Dr Tim Edwards: You have an increasing number of investors who have saved money on management fees by moving from high fee products into much lower index, fund based products. 


We published estimates that, and just to put some dollar figures on this, we are doing an annual estimate of how much money is in index funds tracked in the S&P 500 and how much money is being saved compared to the average investment in an actively managed fund.


And the average fee that that's associated with, the statistics or the figures, are of the order of over $20 billion a year saved in fees. 


RP: That is clearly a huge amount.. And remember, that’s just one index, the S&P 500.
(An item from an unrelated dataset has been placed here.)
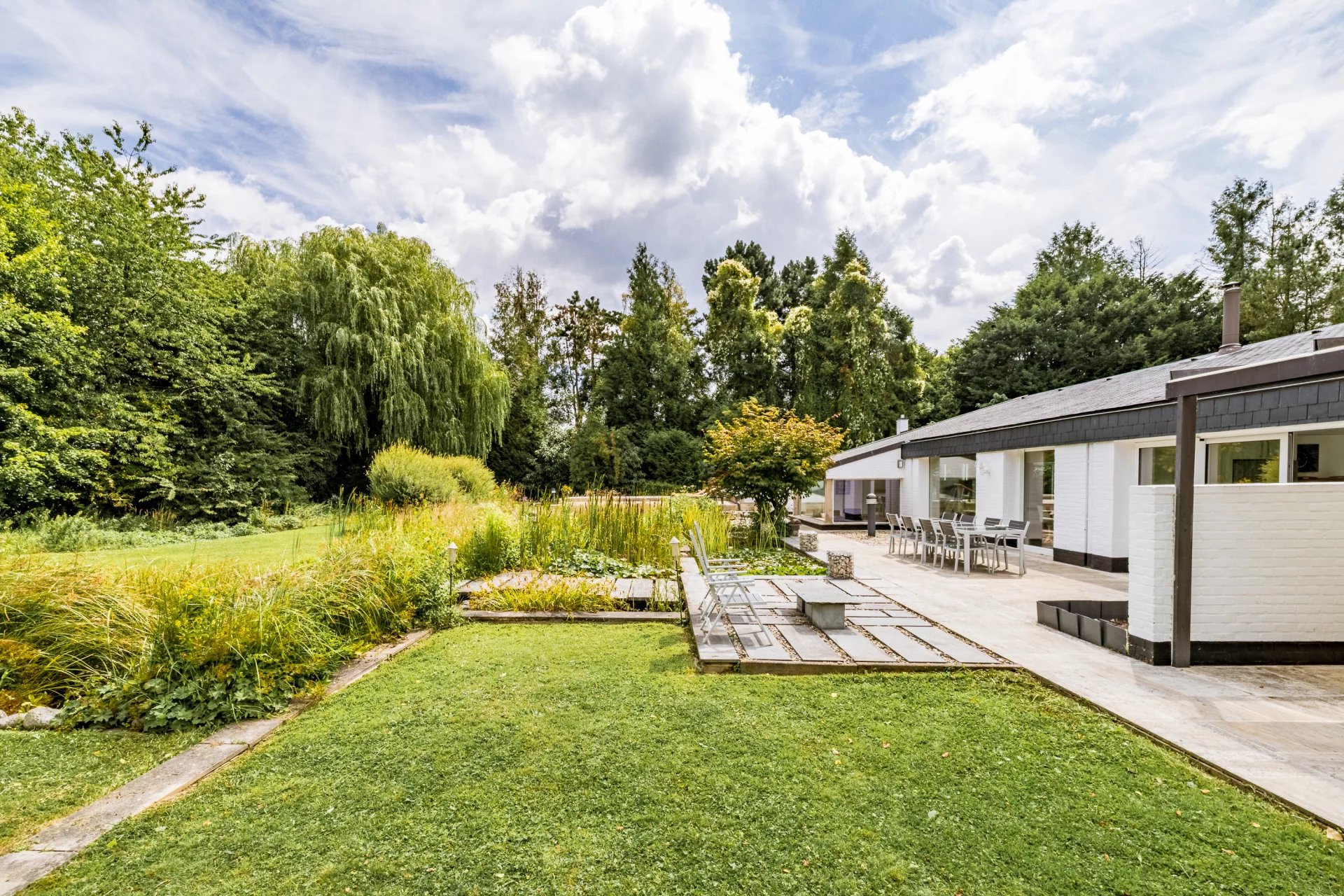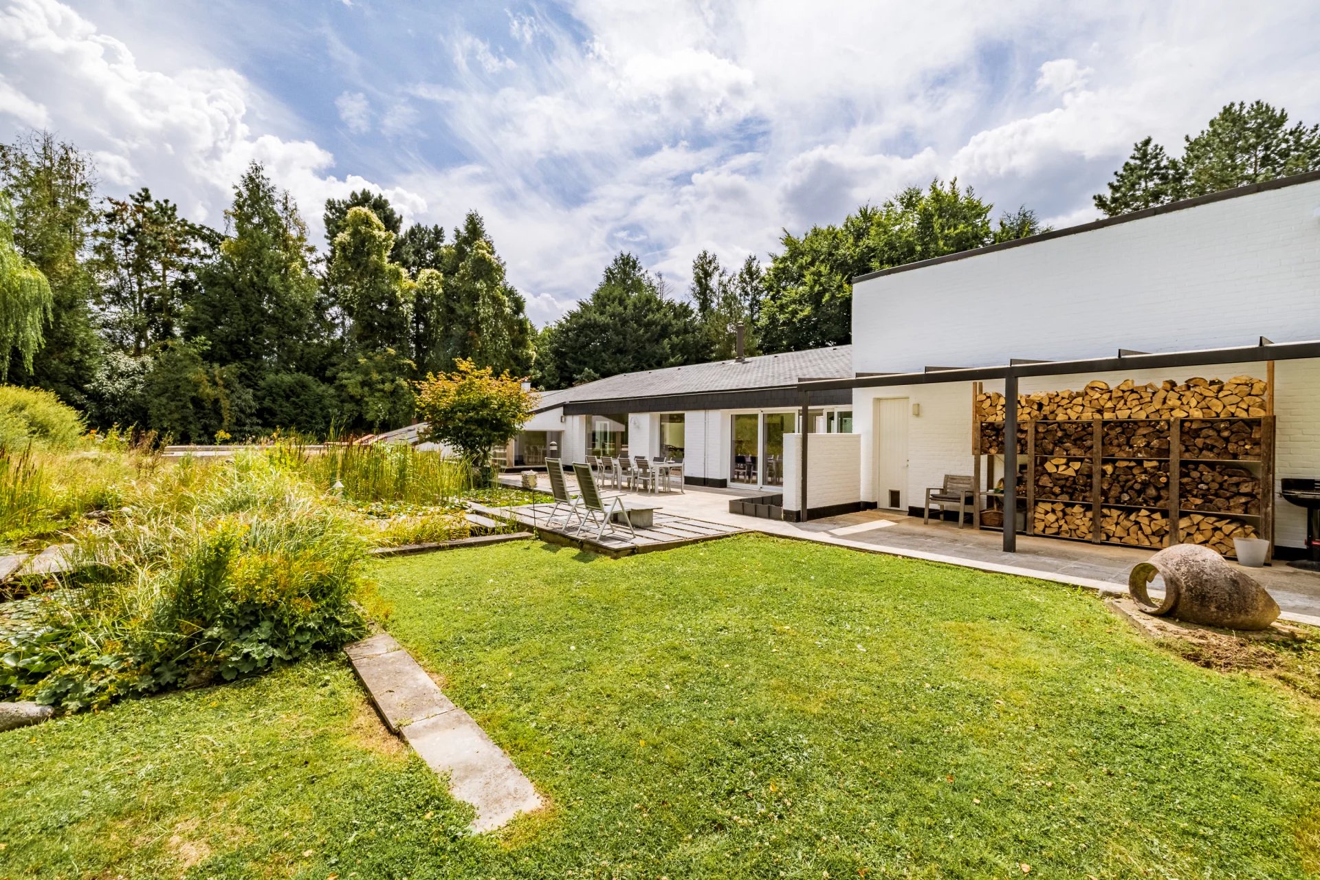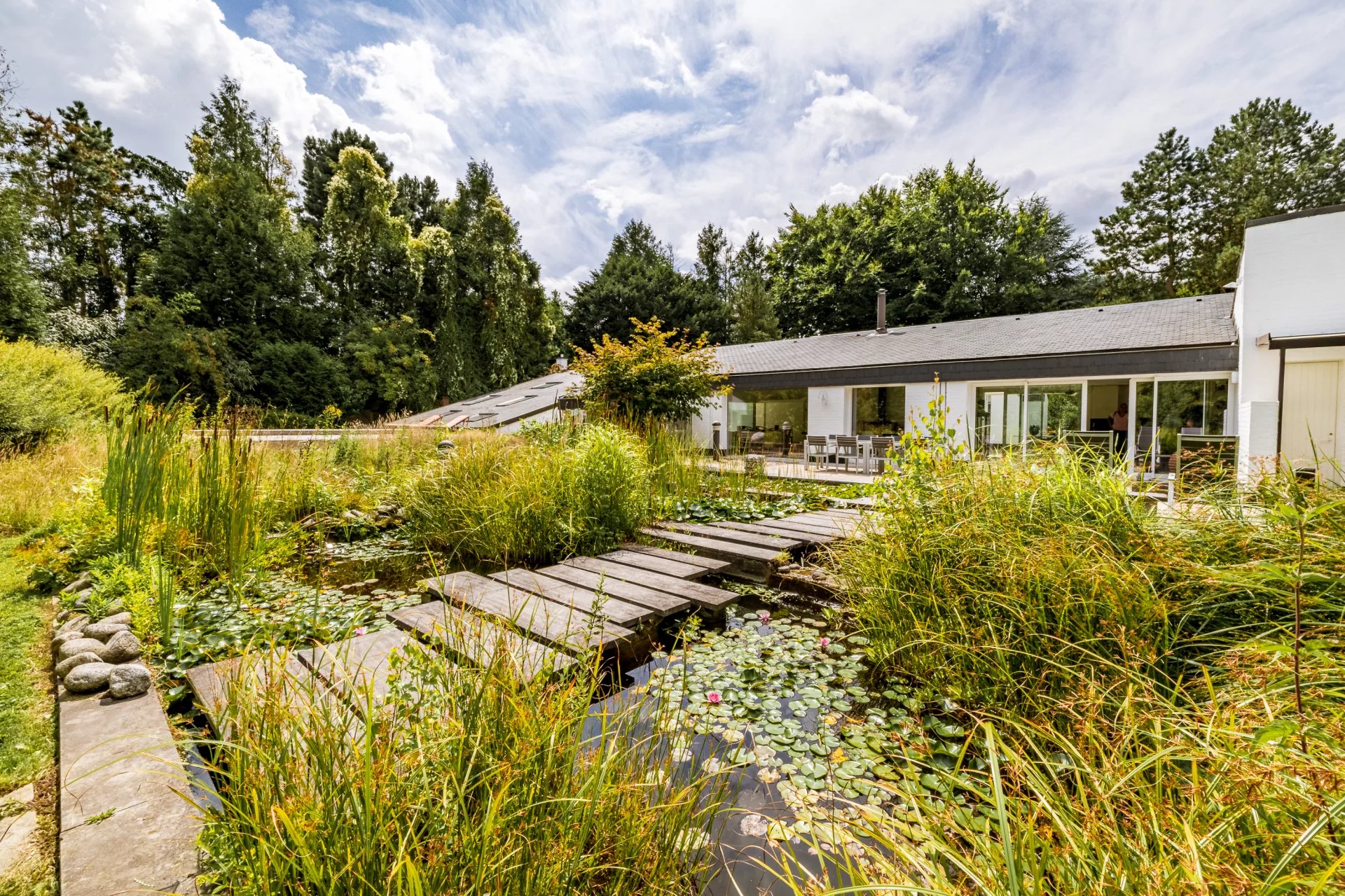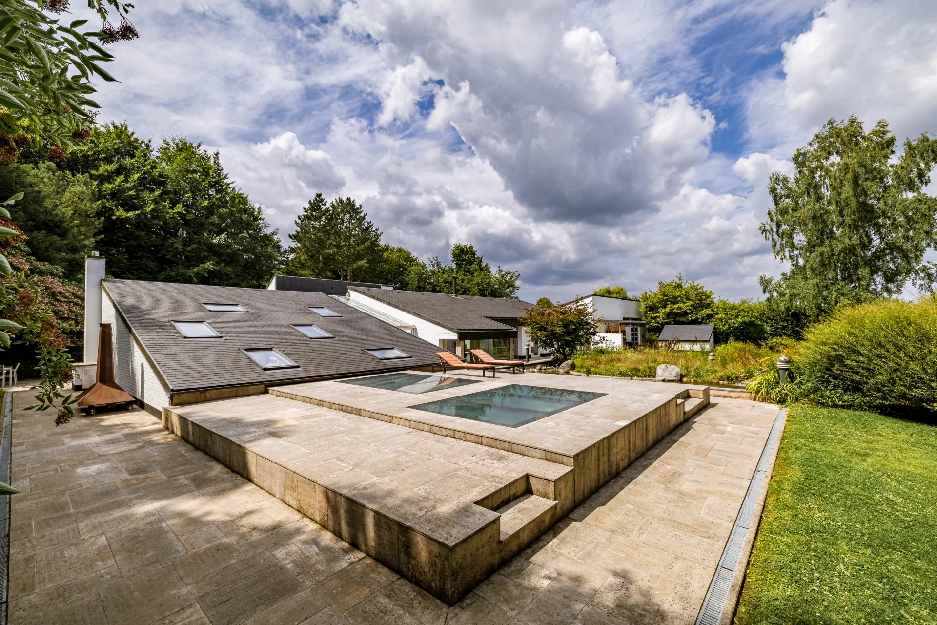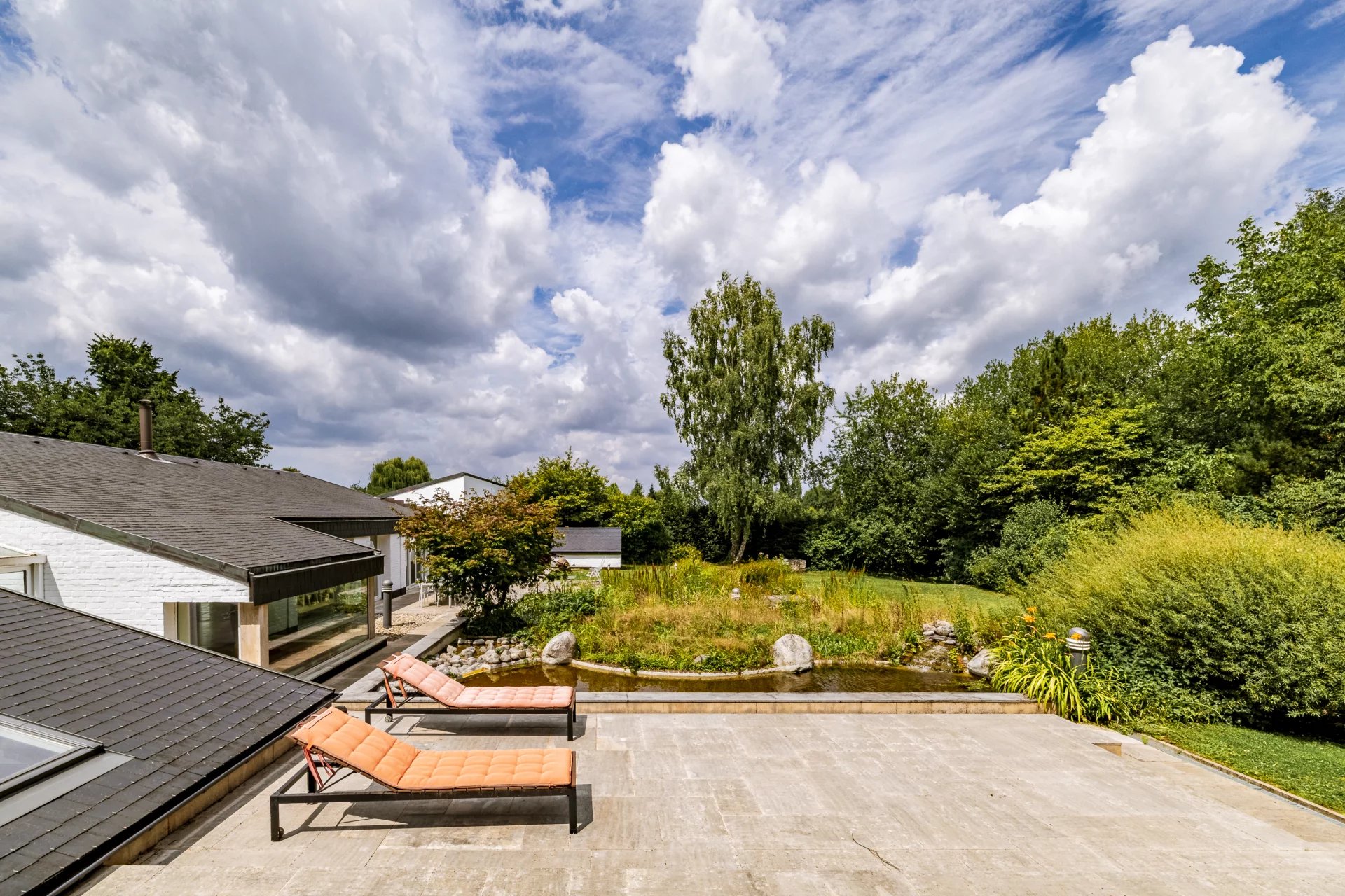 Située dans un écrin de verdure, à l’abri des regards, cette villa d’architecte conjugue calme, intimité et accessibilité. Implantée sur une parcelle paysagée de ±59 ares, elle bénéficie d’un environnement serein, tout en restant proche des facilités, des transports en commun et du centre de Hoeilaart. Développant une surface habitable d’environ 600 m², la maison se compose comme suit : un vaste hall d’entrée avec vestiaire et toilettes invités, un séjour lumineux d’environ 70 m² avec feu ouvert et grande baie vitrée donnant accès à la terrasse principale orientée plein sud, un bureau/salle de jeux baigné de lumière avec accès à une seconde terrasse équipée d’un espace barbecue, une cuisine entièrement équipée, une suite parentale avec dressing et salle de bains complète, deux chambres supplémentaires avec chacune leur salle de douche, une buanderie, un garage pour trois véhicules, ainsi que deux toilettes séparées. À l’étage, deux chambres supplémentaires viennent compléter l’espace nuit. Aux sous-sol, la maison dispose de vastes caves. Un espace bien-être (à rénover) complète ce bien d’exception, comprenant une piscine intérieure, un sauna, une salle de douche, un vestiaire et des toilettes. Divers : chauffage électrique, plans d’eau, système d’alarme, robot tondeuse, adoucisseur d’eau, toiture en ardoises naturelles. Contactez-nous pour une visite : 02/880.15.17 Les informations et mesures sont données à titre indicatif et non contractuelles.

The second positive consequence of the growth of indexing, Dr Edwards says, is that it has made markets more efficient — in other words, the very opposite of what many commentators have suggested. 


Here’s his explanation.


TE: Who are these people who are buying index funds? In some cases, they will be people who have been disappointed by their own performance, trying to beat the market or the appointments of the agents or managers that they have that they appointed. 


And if you do believe or if you do you think there is some aspect of skill involved, then what that means is those who were underperforming, those who were unskilled are no longer providing the market with the opportunity to exploit them, because they are just now following the market average.


They're getting the average. They are no longer below average. A consequence of that means it is harder for the remaining active managers to outperform. The average intelligence just went up. 


The average skill went up, the average performance went up. So being above average just got harder. 


RP: So, the indexing revolution has saved investors a fortune in fees.


It has also made markets more efficient.


But, says Dr Edwards, there’s a third major benefit too, namely a wider range of investment options for indexers.


TE: The choice of indices and markets, which are available in terms of an index option or an index function, has broadened tremendously. So nowadays there is a very broad menu of different asset classes, different segments of the markets for which there is a low cost index fund alternative.


RP: Of course, the rising popularity of index funds has been bad news for active fund managers.


But it’s hard to argue that, generally speaking, it hasn’t been good news for investors.